_WHAT THE EXERCISE ASKS_
Reproduce, word for word, the lines in the material below starting with the one that has "Close up of" and going on through the one that has "2・3時間目、生活科の時間、". Leave out all pictures.

_SOURCE DATA_
%%
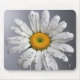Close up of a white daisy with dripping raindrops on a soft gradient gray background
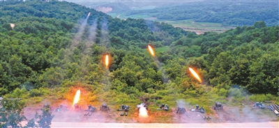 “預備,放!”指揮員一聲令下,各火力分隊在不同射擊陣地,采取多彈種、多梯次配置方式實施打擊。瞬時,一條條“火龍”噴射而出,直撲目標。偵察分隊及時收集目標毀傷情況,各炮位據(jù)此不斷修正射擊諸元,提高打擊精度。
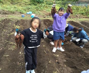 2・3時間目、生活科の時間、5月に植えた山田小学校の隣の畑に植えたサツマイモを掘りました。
%%
%%
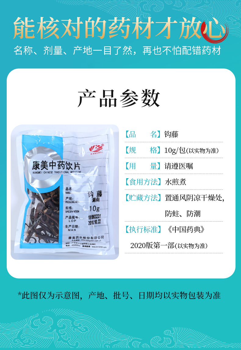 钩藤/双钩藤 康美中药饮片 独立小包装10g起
%%
%%
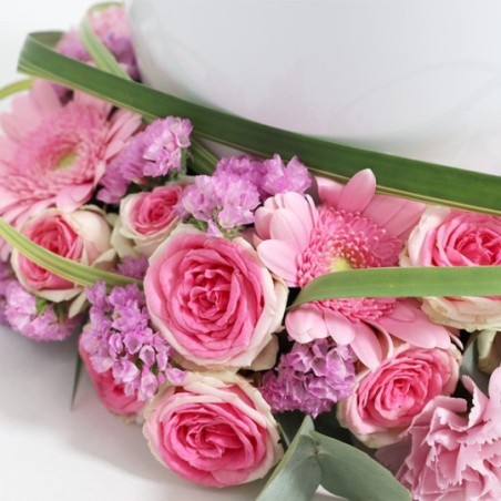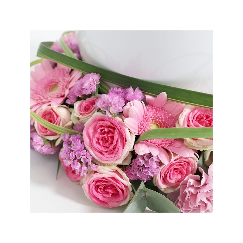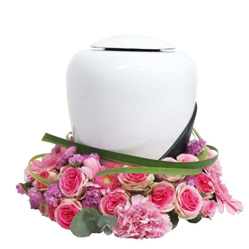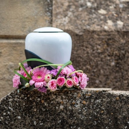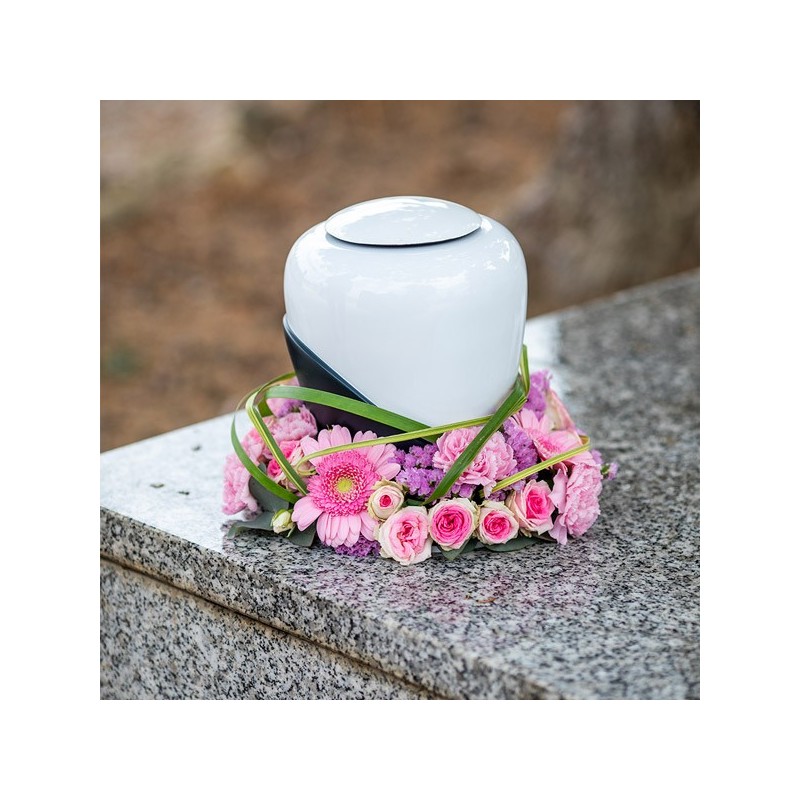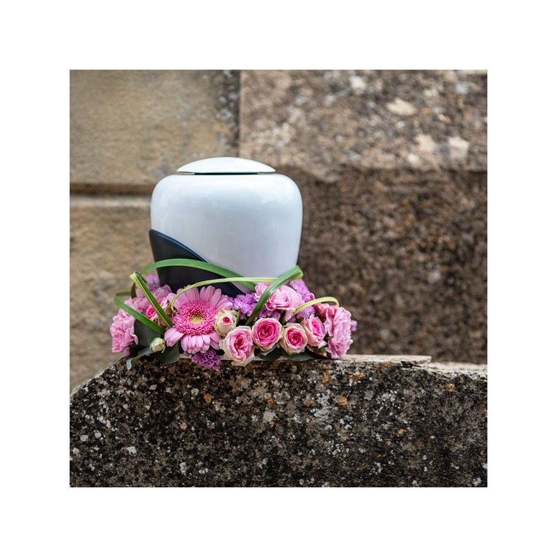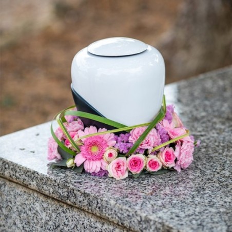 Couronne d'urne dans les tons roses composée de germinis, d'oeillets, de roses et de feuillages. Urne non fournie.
%%
_ANSWER FOR THIS EXERCISE_
Close up of a white daisy with dripping raindrops on a soft gradient gray background
 “預備,放!”指揮員一聲令下,各火力分隊在不同射擊陣地,采取多彈種、多梯次配置方式實施打擊。瞬時,一條條“火龍”噴射而出,直撲目標。偵察分隊及時收集目標毀傷情況,各炮位據(jù)此不斷修正射擊諸元,提高打擊精度。
 2・3時間目、生活科の時間、5月に植えた山田小学校の隣の畑に植えたサツマイモを掘りました。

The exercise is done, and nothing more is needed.